**Your instructions**. All of the data below should be repeated exactly. Pictures should not be included.

**The data**.

+---+

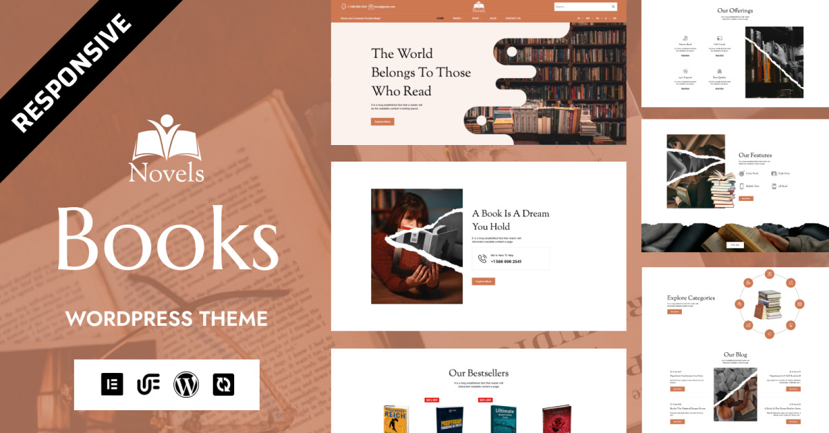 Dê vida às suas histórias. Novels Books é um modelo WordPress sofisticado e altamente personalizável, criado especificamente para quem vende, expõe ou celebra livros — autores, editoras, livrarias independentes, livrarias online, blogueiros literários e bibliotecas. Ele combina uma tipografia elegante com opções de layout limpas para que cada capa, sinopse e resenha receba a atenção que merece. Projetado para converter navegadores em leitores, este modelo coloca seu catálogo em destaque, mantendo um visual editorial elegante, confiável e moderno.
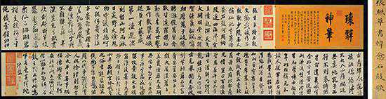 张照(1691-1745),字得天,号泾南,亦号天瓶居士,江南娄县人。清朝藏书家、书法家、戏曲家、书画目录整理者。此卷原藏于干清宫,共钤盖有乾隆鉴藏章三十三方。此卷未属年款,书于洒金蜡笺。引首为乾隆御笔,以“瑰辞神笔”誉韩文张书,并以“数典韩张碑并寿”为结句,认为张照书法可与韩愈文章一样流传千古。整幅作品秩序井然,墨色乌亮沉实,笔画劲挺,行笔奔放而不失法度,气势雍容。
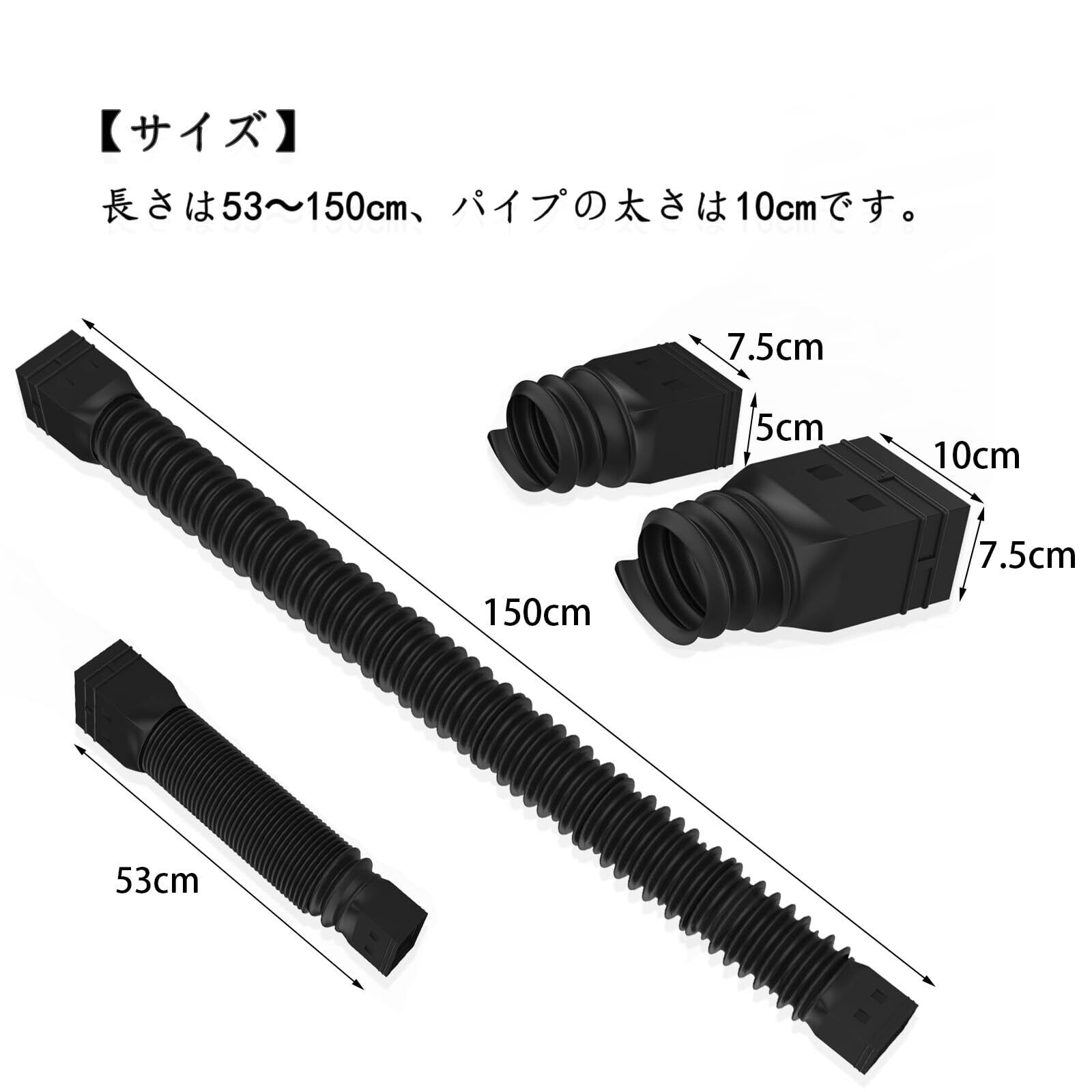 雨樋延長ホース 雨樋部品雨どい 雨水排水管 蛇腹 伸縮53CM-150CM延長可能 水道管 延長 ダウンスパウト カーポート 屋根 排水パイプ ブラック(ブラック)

+---+

**Your solution**.
 Dê vida às suas histórias. Novels Books é um modelo WordPress sofisticado e altamente personalizável, criado especificamente para quem vende, expõe ou celebra livros — autores, editoras, livrarias independentes, livrarias online, blogueiros literários e bibliotecas. Ele combina uma tipografia elegante com opções de layout limpas para que cada capa, sinopse e resenha receba a atenção que merece. Projetado para converter navegadores em leitores, este modelo coloca seu catálogo em destaque, mantendo um visual editorial elegante, confiável e moderno.
 张照(1691-1745),字得天,号泾南,亦号天瓶居士,江南娄县人。清朝藏书家、书法家、戏曲家、书画目录整理者。此卷原藏于干清宫,共钤盖有乾隆鉴藏章三十三方。此卷未属年款,书于洒金蜡笺。引首为乾隆御笔,以“瑰辞神笔”誉韩文张书,并以“数典韩张碑并寿”为结句,认为张照书法可与韩愈文章一样流传千古。整幅作品秩序井然,墨色乌亮沉实,笔画劲挺,行笔奔放而不失法度,气势雍容。
 雨樋延長ホース 雨樋部品雨どい 雨水排水管 蛇腹 伸縮53CM-150CM延長可能 水道管 延長 ダウンスパウト カーポート 屋根 排水パイプ ブラック(ブラック)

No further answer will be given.